**DIRECTIONS:** Beginning with the line that holds "Separate Shower Stall", output every remaining line of the material below exactly, and include none of the pictures.

----- RECORDS FOR THIS TASK -----

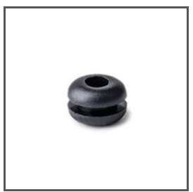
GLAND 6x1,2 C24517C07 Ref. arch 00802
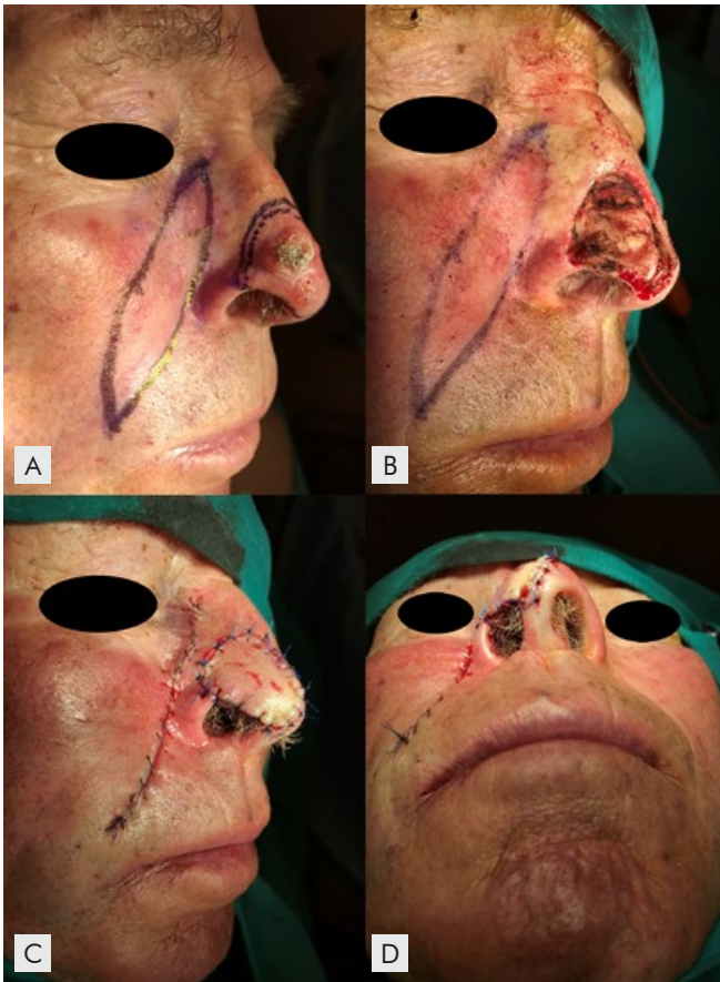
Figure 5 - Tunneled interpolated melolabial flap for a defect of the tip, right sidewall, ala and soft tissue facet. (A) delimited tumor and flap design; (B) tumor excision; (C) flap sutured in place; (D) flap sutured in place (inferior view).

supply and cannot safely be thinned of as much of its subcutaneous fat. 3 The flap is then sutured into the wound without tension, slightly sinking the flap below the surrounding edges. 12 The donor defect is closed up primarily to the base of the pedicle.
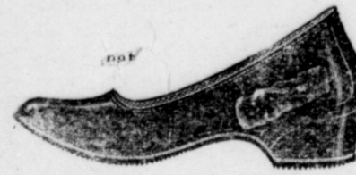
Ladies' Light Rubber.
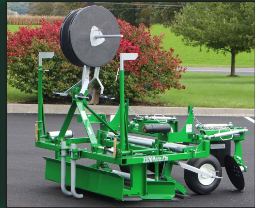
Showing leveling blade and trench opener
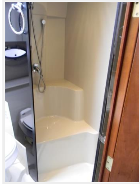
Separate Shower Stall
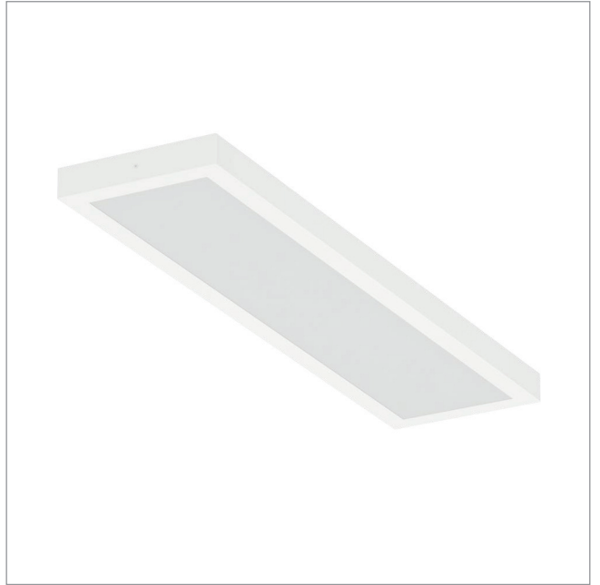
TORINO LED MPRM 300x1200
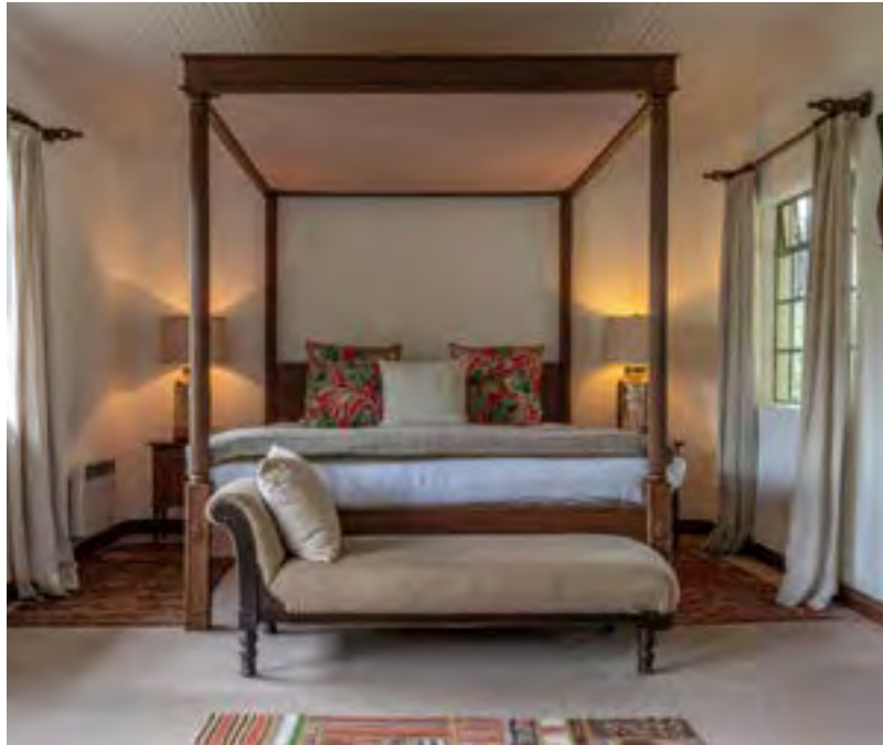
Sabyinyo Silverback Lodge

-----

**RESULT:**
Separate Shower Stall
TORINO LED MPRM 300x1200
Sabyinyo Silverback Lodge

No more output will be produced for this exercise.